Watch your step! Many small business owners may not know about the most common legal risks that could trip them up if they’re not planning ahead. With so many potential pitfalls and legal obstacles, not to mention the high cost of legal services, how can you be sure you stay open for business? The good news is that you can take simple measures to protect your business from legal liability, as long as you know what to look for.
Here are the three top legal issues that small businesses commonly slip up on and how they can be avoided.
1. Failing to incorporate.
When you incorporate your business, you create a new legal entity separate from yourself that conducts business, generates incomes, and assumes tax and legal liabilities. By incorporating your business, you shield yourself from personal liability. This means that your personal assets are not at risk if your business is sued. You should incorporate your business before you engage in any transactions on behalf of your business.
There are many types of business entity to choose from, including: sole proprietorship, partnership, C corporation, S corporation, LLC, and non-profit. Each corporate structure has different implications for legal liability, expenses and procedures, fundraising, and taxation. Be sure to consider your present and future needs when choosing your business structure.
2. Not protecting intellectual property.
There are four types of intellectual property (aka IP) — trademarks, patents, trade secrets, and copyrights.
A trademark is a symbol that distinguishes and identifies a business’ product. You can acquire trademark rights through consistent use of a mark even if you do not register that trademark. However, in enforcing your trademark rights it is helpful to have registered the mark with the U.S. Patent Office.
Copyrights protect written works and apply automatically without registration. To assert your copyright, mark your written works with a copyright symbol. To enforce your copyright, submit copyright notices and cease and desist notices to infringers.
Trade secrets are a form of intellectual property that can be protected with non disclosure agreements.
Patents must be applied for, and although the process may take several years, you can generally use the “patent pending” notation to signal to others that the invention is in patent application process. It’s also smart to include provisions in employment agreements that detail who owns patents developed with company resources.
If you fail to assert your rights to your intellectual property, you may inadvertently surrender your claim to essential components of your business’ success.
3. Not getting it in writing.
Skipping written documents is rarely beneficial, although it’s common. The act of writing a contract and having all of the parties agree to its terms encourages everyone to understand the agreement, and take it away with them for their records. If there is ever a disagreement about an undocumented agreement at a later time, there’s simply no way to “go back in time” to establish who is in the right.

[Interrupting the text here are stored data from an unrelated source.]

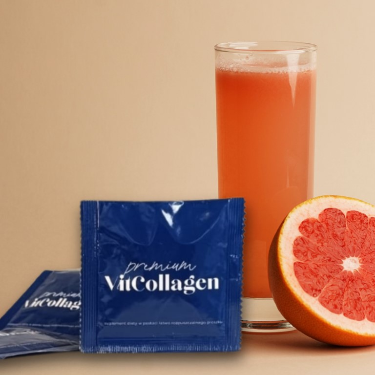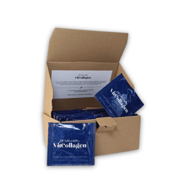 Premium VitCollagen to suplement diety dedykowany osobom dorosłym, który wspiera zdrowie skóry, stawów i kości. Każda saszetka zawiera 5 g czystego kolagenu oraz witaminę C, tworząc doskonałe połączenie, które wspomaga naturalną syntezę kolagenu w organizmie. Premium VitCollagen zapakowany jest w saszetki zawierające dzienną porcję suplementu, co zapewnia wygodę i łatwość w stosowaniu. Można go swobodnie wymieszać z ulubionym napojem, wodą lub innym płynem.
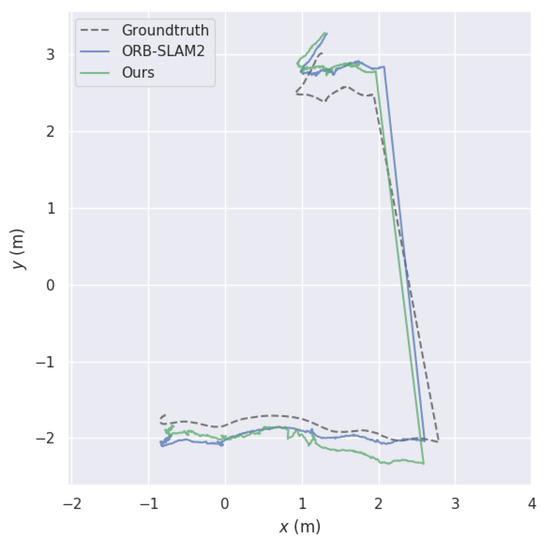 We used the RMSE (root mean square error) of the ATE (absolute trajectory error) [61] to evaluate the accuracy, and Table 2 shows the error results for the estimated pose of the two visual SLAM algorithms compared to the ground truth. Figure 5, Figure 6, Figure 7 and Figure 8 show the comparison of pose trajectories between the ground truth, the ORB-SLAM2, and the proposed system on the different datasets selected. The blue lines represent the estimated trajectory of the ORB-SLAM2, the green lines represent the estimated trajectory of our method, and the gray dashed lines represent the ground truth.
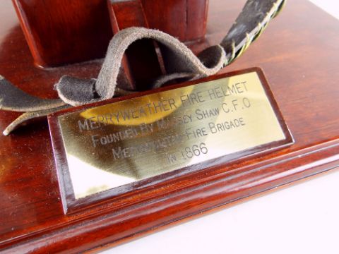 ANTIQUE BRASS MERRYWEATHER-TYPE FIRE BRIGADE HELMET on stand with plaque
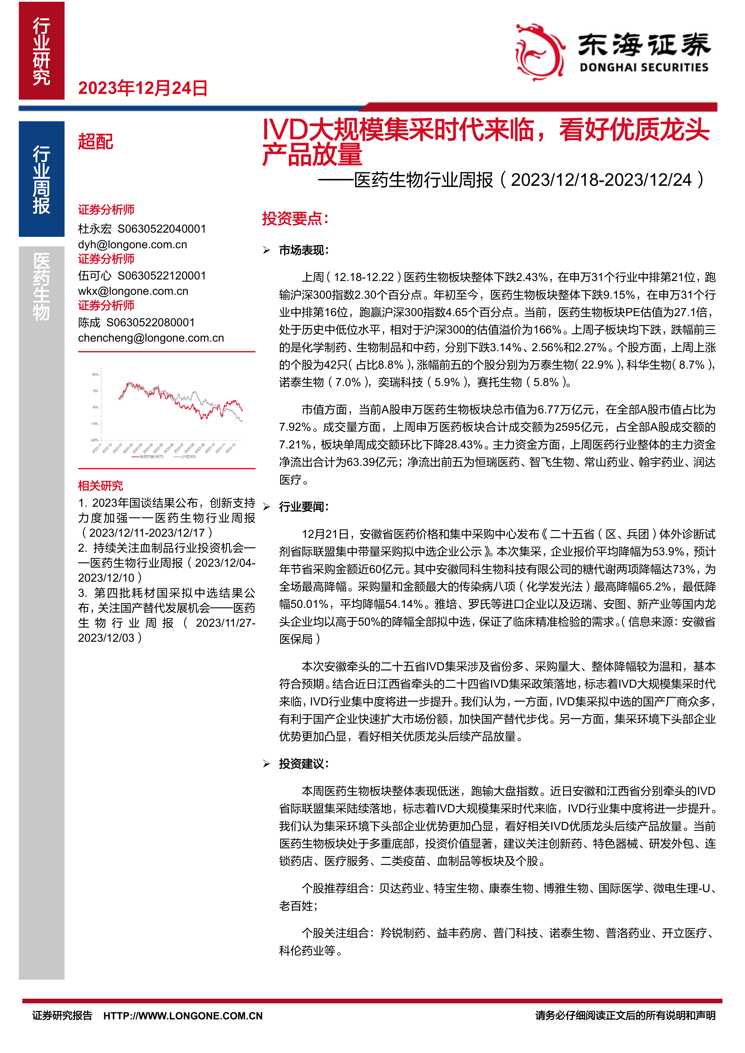 医药生物行业周报:IVD大规模集采时代来临,看好优质龙头产品放量
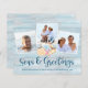 Envoyez les voeux de Noël chaleureux de la plage avec cette carte de vacances côtière personnalisée avec 3 photos et "Seas & Greutages" en typographie manuscrite. Au centre se trouve un groupe de coquillages aquarelles, avec un arrière - plan en bois de plage. Ces cartes budgétaires sont faites à partir d'un papier plus délicat, plus petit et plus léger, économisant de l'argent et des arbres. *Si vous avez besoin d'aide pour ce design ou les produits correspondants, veuillez me contacter par Zazzle.

Unsurprisingly, it is also very difficult to uphold a verbal agreement in court.
Common agreements that you should always document include employee agreements, partnership agreements, vendor contracts, corporate bylaws and meeting minutes. You can visit Rocket Lawyer for many common business legal documents. Remember, written agreements protect everyone. Although it might take a few minutes of your time up-front, it can save you thousands of dollars in legal expenses and losses at a later date if a dispute arises despite your best efforts.